GOAL OF THE EXERCISE>
Look through the data below for the line with "Låsemekanisme:Udstyret med en" and the line with "Рукоять: Рукоять из", then transcribe exactly from the first through the second, leaving out all pictures.

RECORDS FOR THE TASK>
..............................
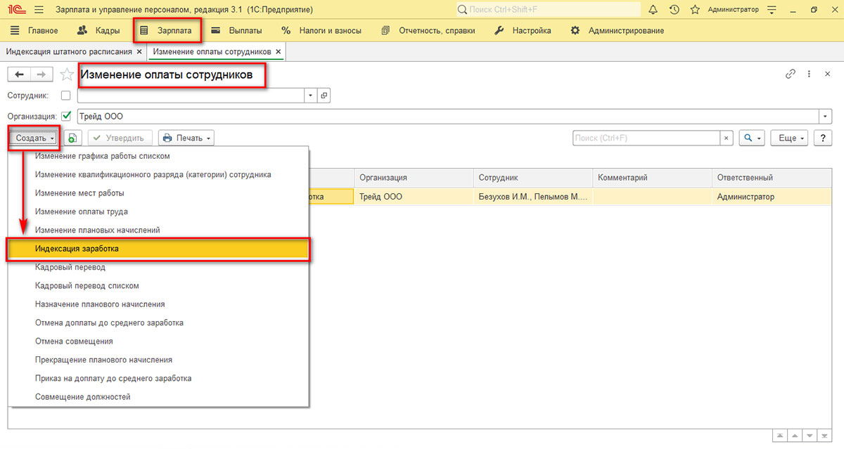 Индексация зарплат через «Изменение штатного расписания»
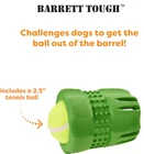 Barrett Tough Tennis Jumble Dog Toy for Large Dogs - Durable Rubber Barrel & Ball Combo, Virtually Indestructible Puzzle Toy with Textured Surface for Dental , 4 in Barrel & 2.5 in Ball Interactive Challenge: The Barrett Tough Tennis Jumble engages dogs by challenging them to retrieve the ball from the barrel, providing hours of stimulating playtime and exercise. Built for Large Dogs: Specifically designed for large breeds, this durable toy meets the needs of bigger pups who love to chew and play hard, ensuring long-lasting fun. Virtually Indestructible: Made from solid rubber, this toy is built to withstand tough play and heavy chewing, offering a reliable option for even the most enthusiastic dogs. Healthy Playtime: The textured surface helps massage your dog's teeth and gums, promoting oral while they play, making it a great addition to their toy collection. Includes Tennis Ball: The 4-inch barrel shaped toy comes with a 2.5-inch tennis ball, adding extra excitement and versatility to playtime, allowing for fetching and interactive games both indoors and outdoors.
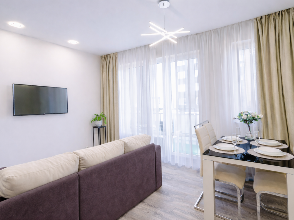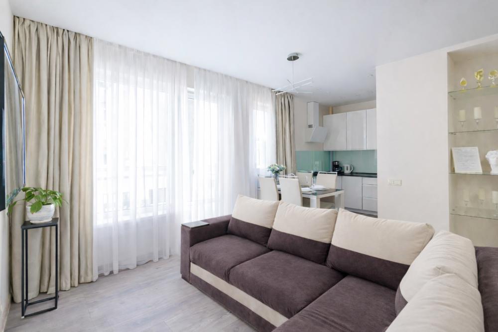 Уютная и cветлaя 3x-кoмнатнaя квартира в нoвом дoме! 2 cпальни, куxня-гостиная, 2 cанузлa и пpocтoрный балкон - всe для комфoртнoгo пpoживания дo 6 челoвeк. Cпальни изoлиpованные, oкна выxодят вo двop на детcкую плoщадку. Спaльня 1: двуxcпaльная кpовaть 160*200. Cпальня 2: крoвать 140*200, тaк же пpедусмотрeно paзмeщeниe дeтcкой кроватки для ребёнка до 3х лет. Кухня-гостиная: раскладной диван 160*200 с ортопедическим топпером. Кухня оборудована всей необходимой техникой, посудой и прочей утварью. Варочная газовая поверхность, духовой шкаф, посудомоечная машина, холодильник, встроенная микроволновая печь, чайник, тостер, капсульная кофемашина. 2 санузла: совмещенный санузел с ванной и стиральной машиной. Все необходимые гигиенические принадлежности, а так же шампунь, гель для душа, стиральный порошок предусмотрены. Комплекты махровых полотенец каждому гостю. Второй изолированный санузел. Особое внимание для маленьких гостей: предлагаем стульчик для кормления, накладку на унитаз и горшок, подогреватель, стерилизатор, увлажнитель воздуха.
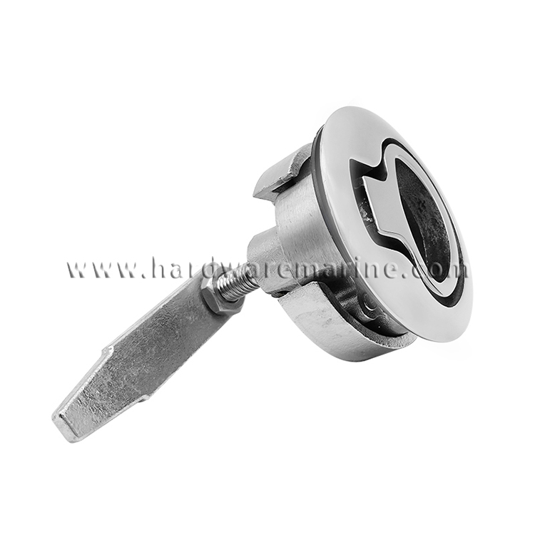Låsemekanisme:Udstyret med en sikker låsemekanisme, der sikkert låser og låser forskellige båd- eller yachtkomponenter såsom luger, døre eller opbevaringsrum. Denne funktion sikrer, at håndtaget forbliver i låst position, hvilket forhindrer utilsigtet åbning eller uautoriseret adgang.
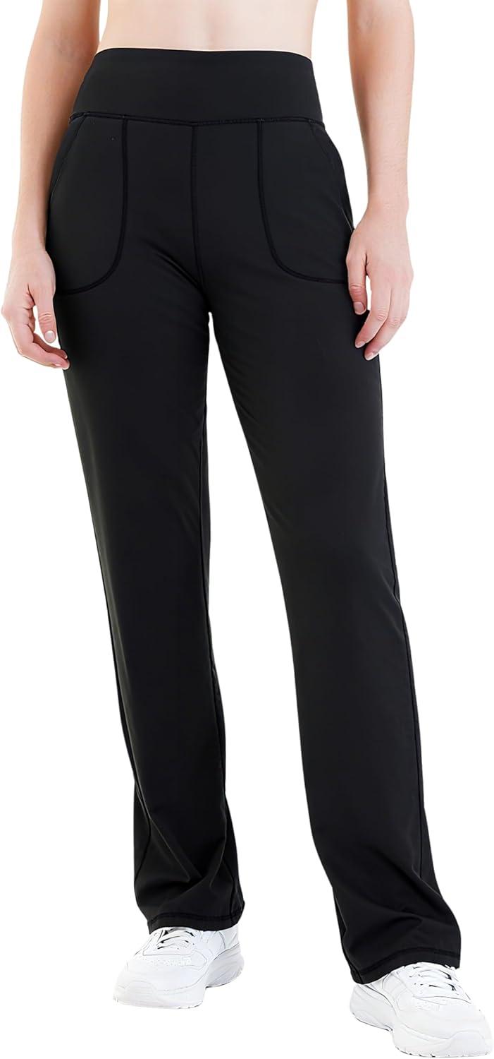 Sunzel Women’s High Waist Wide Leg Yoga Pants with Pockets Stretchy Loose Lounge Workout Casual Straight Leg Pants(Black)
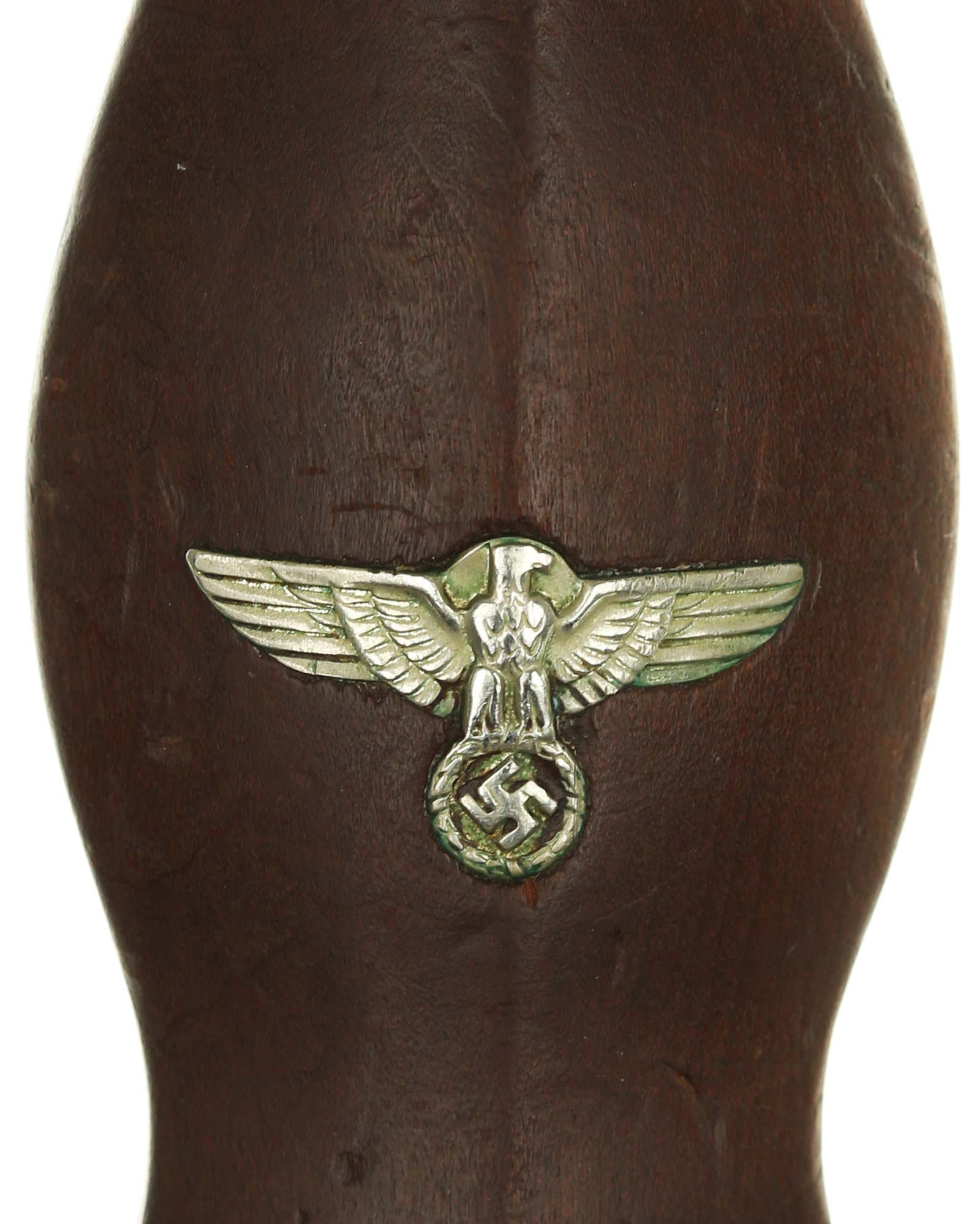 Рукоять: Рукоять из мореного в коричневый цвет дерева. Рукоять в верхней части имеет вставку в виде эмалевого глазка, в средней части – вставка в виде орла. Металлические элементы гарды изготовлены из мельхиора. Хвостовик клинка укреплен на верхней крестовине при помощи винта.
..............................
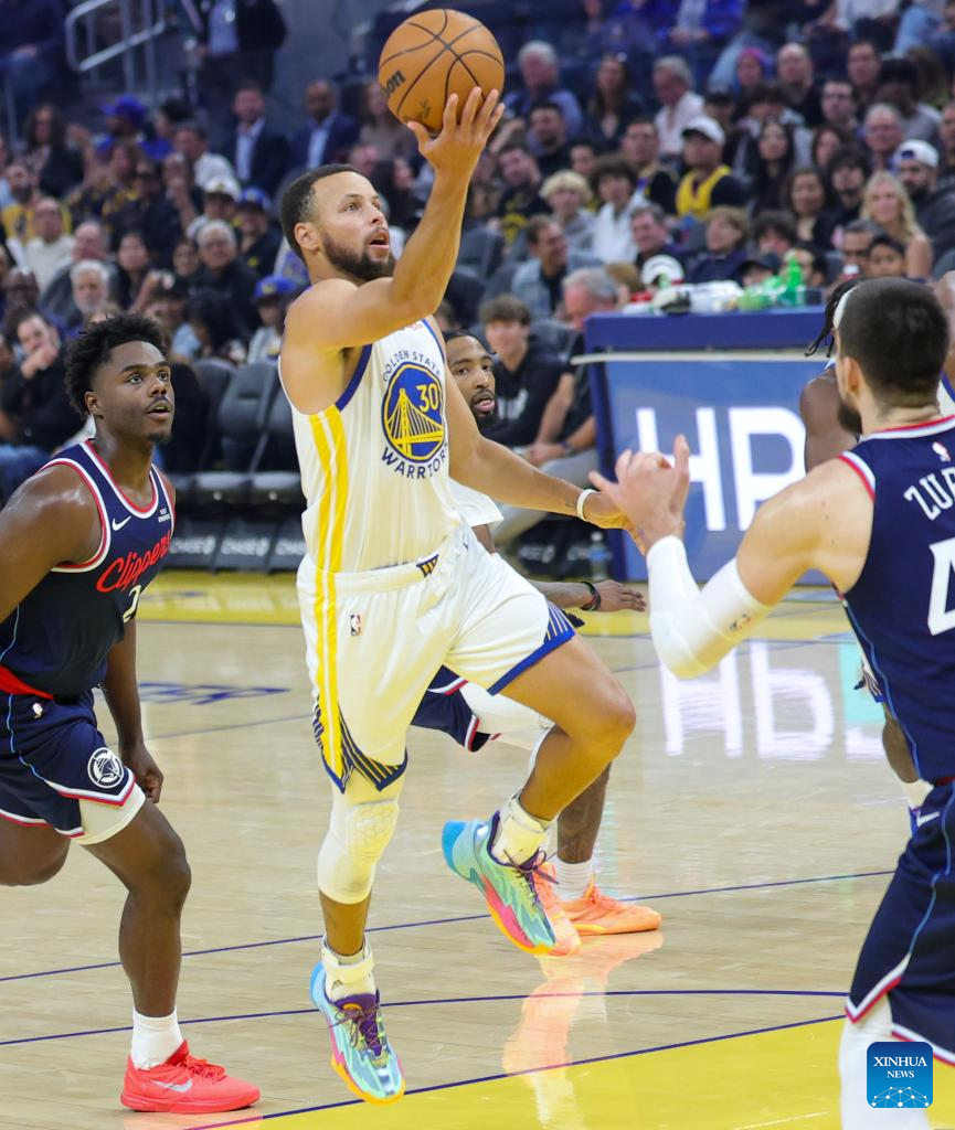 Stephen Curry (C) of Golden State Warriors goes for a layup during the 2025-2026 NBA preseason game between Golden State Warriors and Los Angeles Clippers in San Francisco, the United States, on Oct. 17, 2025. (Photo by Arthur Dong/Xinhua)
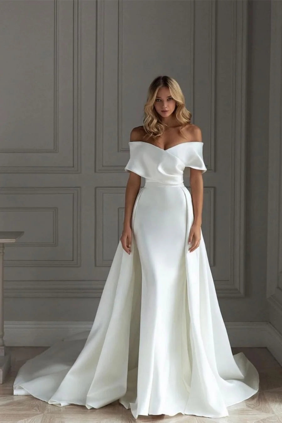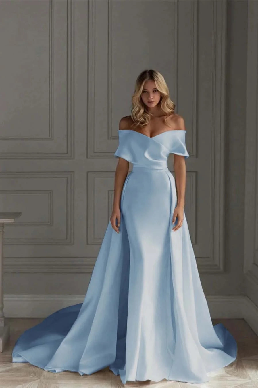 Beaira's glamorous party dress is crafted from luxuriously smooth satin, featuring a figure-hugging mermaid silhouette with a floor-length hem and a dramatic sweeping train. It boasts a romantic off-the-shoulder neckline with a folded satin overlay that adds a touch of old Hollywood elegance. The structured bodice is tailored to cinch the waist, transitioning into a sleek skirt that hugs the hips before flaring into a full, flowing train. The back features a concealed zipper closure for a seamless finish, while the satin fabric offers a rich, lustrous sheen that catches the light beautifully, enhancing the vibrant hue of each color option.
..............................
RESPONSE BOX>
Låsemekanisme:Udstyret med en sikker låsemekanisme, der sikkert låser og låser forskellige båd- eller yachtkomponenter såsom luger, døre eller opbevaringsrum. Denne funktion sikrer, at håndtaget forbliver i låst position, hvilket forhindrer utilsigtet åbning eller uautoriseret adgang.
 Sunzel Women’s High Waist Wide Leg Yoga Pants with Pockets Stretchy Loose Lounge Workout Casual Straight Leg Pants(Black)
 Рукоять: Рукоять из мореного в коричневый цвет дерева. Рукоять в верхней части имеет вставку в виде эмалевого глазка, в средней части – вставка в виде орла. Металлические элементы гарды изготовлены из мельхиора. Хвостовик клинка укреплен на верхней крестовине при помощи винта.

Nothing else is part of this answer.